**Your instructions**
Only what runs from the line with "Светильник трехрежимный 12Вт" to the end of the data should appear in the answer, exactly as written and without pictures.

**Source material**
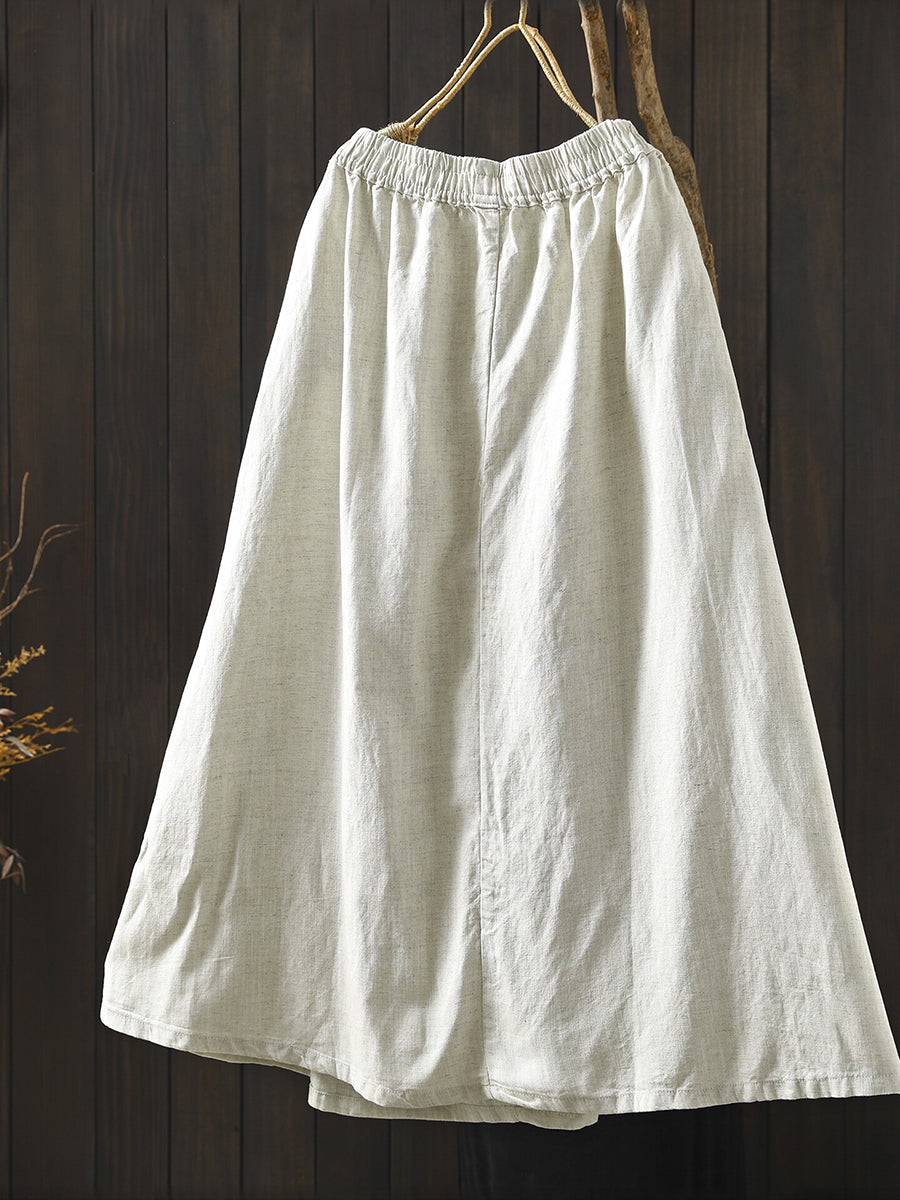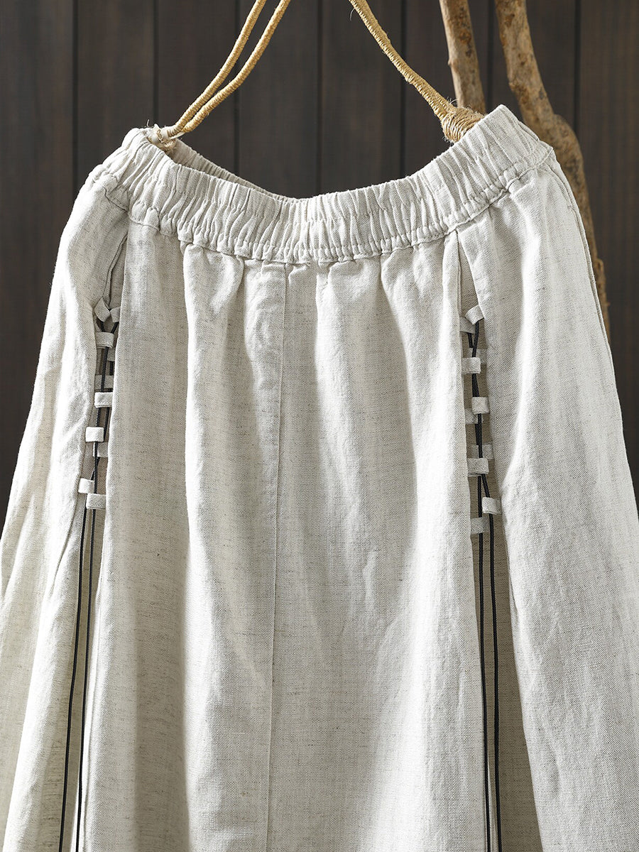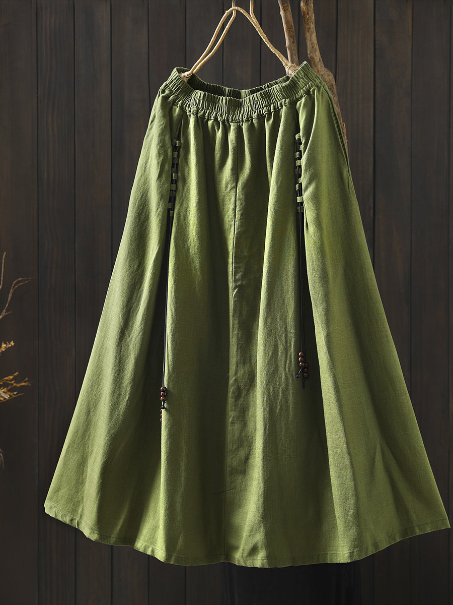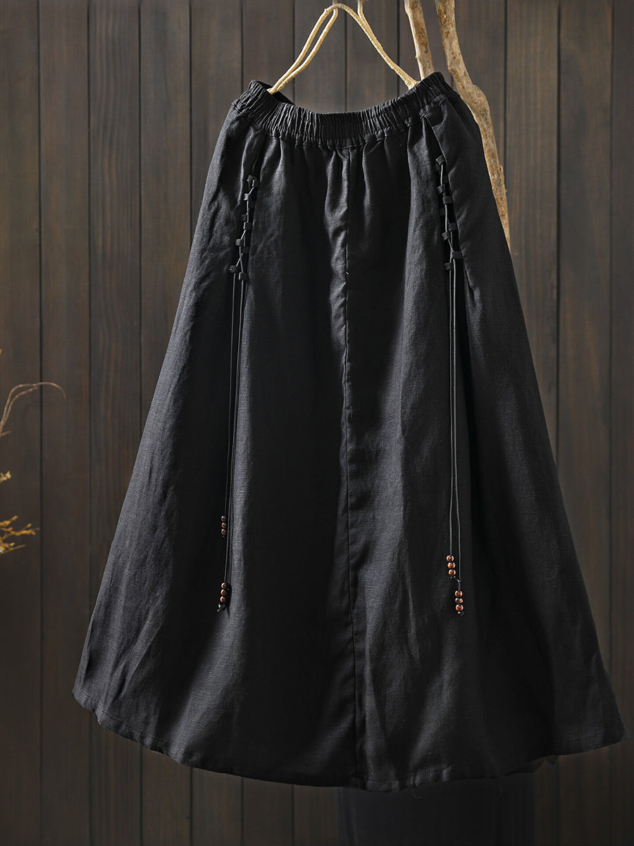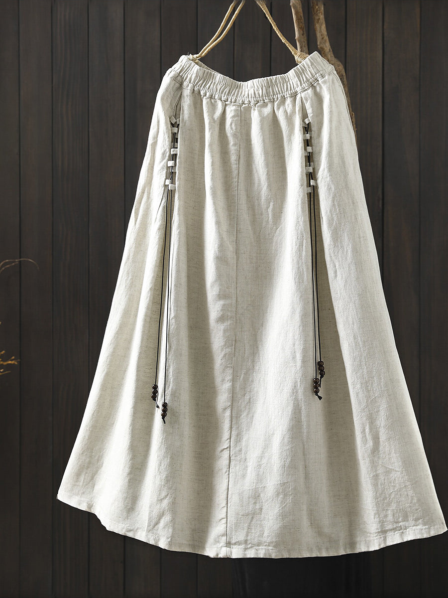 Gonna estiva da donna con frange, 100% lino, modello a trapezio.
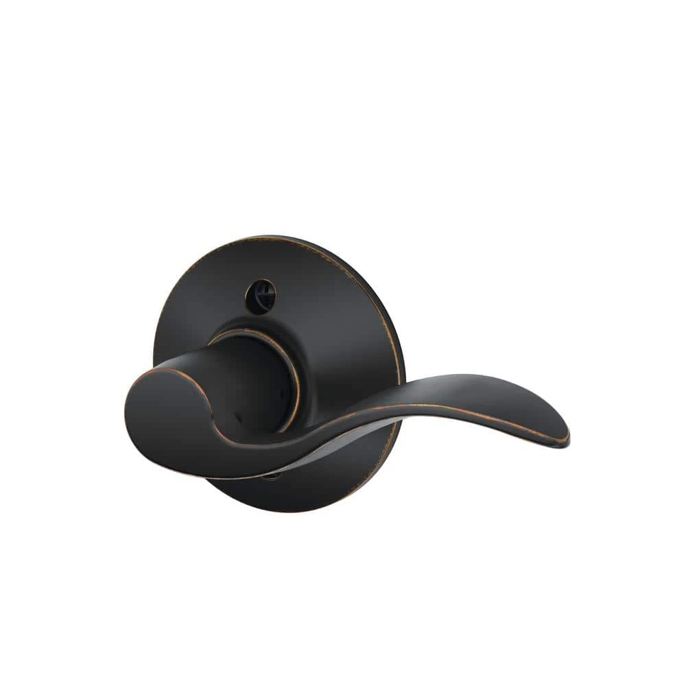 The Schlage Accent Aged Bronze Dummy Door Lever doesn’t turn and is commonly used as a decorative pull for doors that don’t require latching. The accent lever is widely popular for its elegant wave-like design that effortlessly matches a room’s style without overshadowing it. Our aged bronze finish is inspired by traditional design, featuring warm, copper tones that break through its darker, aged exterior. Plus, it’s been designed and tested with strength and durability in mind.
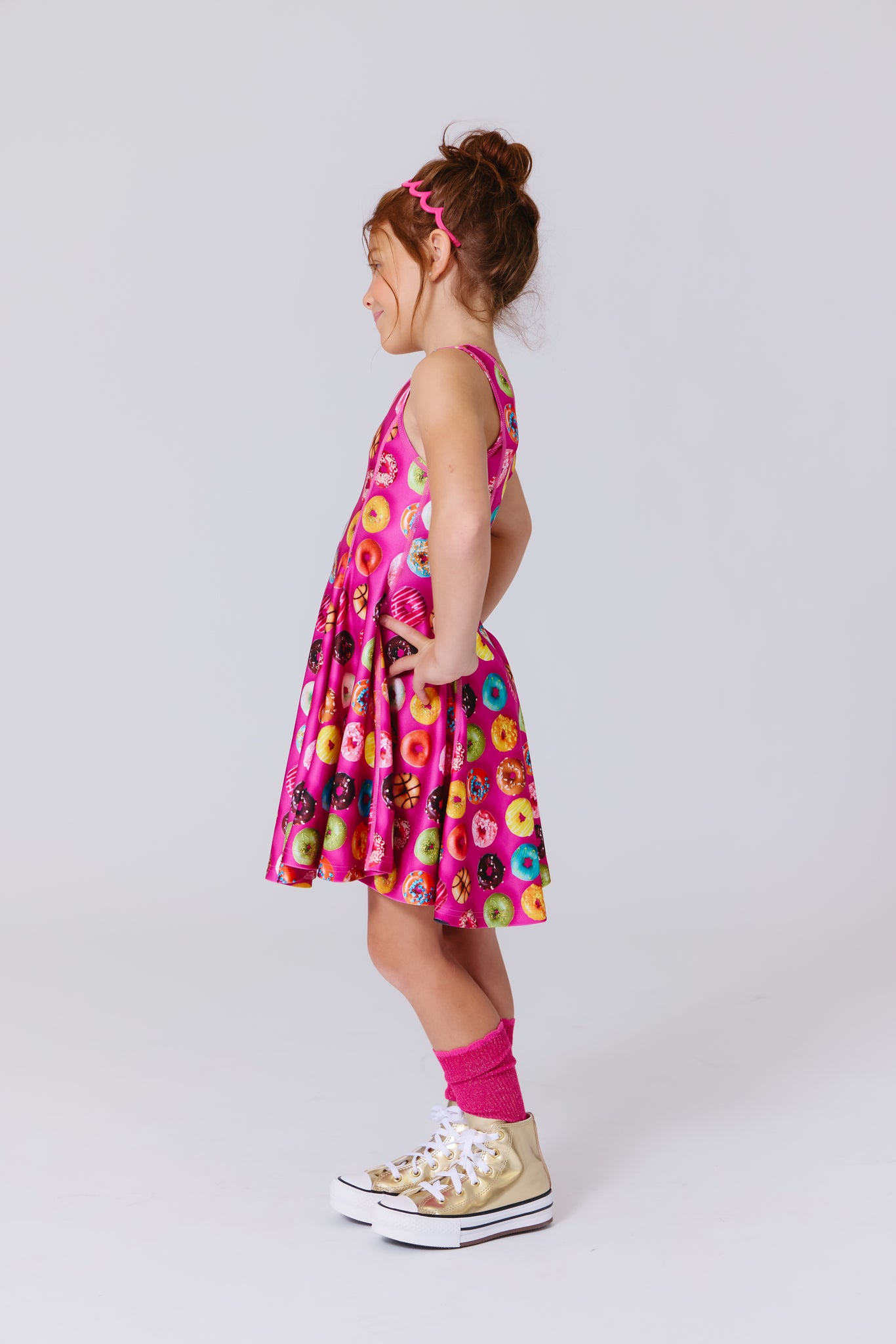 Flared dress, hits mid-thighForm fitting top, hits mid-thigh
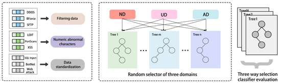 In this paper, we propose a novel approach for detecting abnormal traffic using a three-way selection random forest optimization model. This model combines the principles of three-way decision-making and node-weighted optimization to enhance the classical random forest model and address the uncertainty inherent in abnormal traffic samples. Our model comprises three key components: three-way attribute random selection, three-way selection classifier evaluation, and random forest node weighting. The model structure is shown in Figure 2.
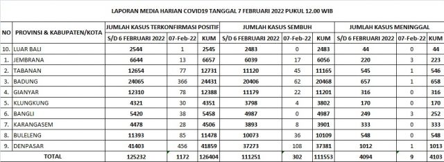 Kasus baru covid-19 di Bali pada Senin (7/2/2022) bertambah 1.172 orang, sementara kasus sembuh bertambah 302 orang. Kasus meninggal 9 orang. Data ini diperoleh dari Satgas Penanganan Covid-19 Bali melalui Humas Pemprov Bali.
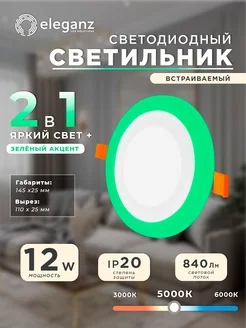 Светильник трехрежимный 12Вт Круг 5000K + Зеленый
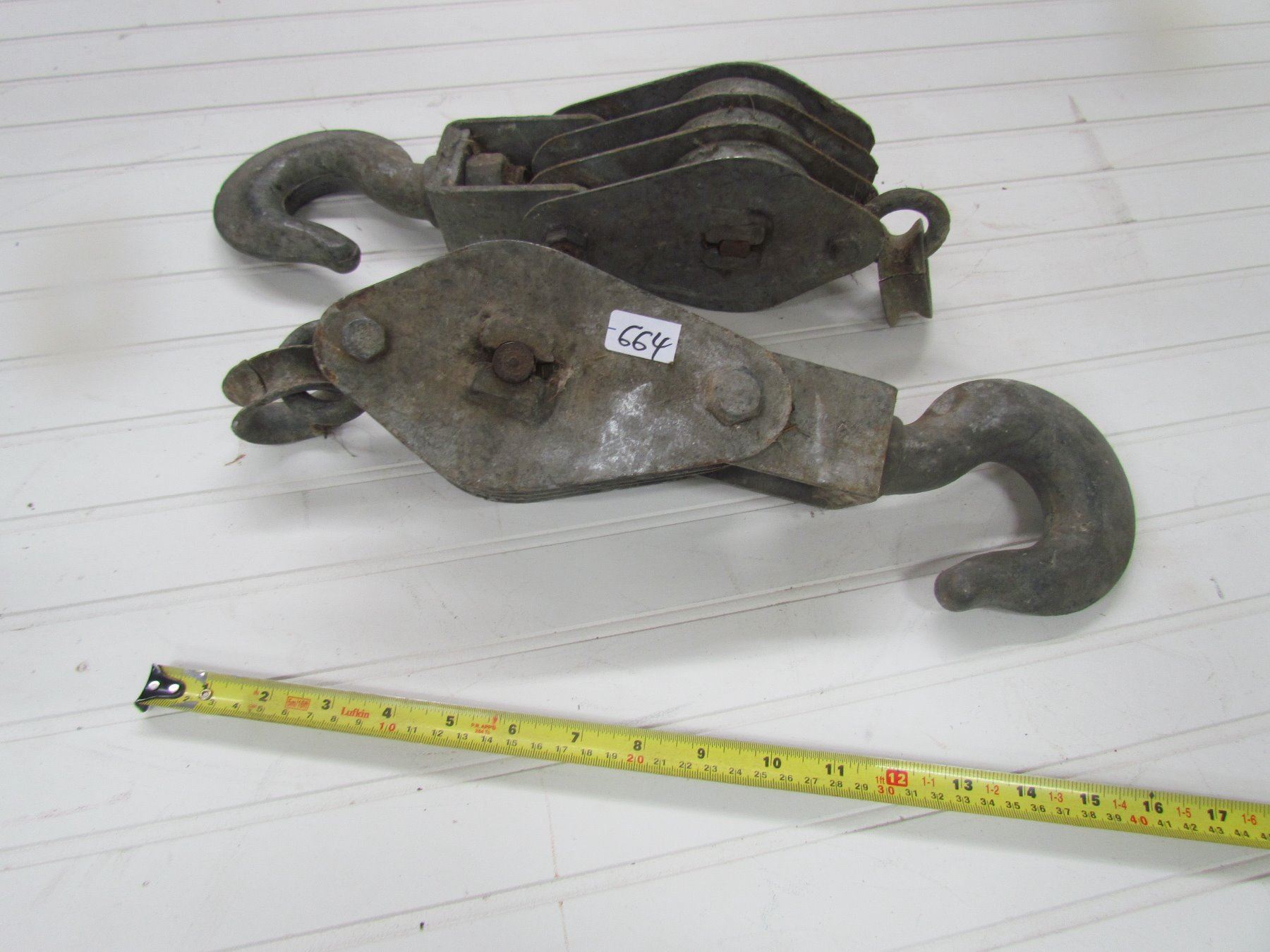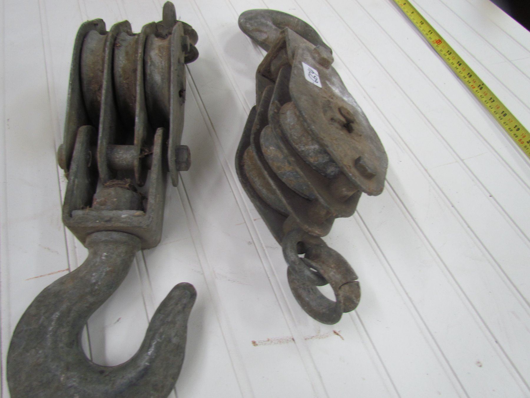 2 BLOCK PULLEYS & HOOKS, *16", EX. COND*

**Result below**
 Светильник трехрежимный 12Вт Круг 5000K + Зеленый
 2 BLOCK PULLEYS & HOOKS, *16", EX. COND*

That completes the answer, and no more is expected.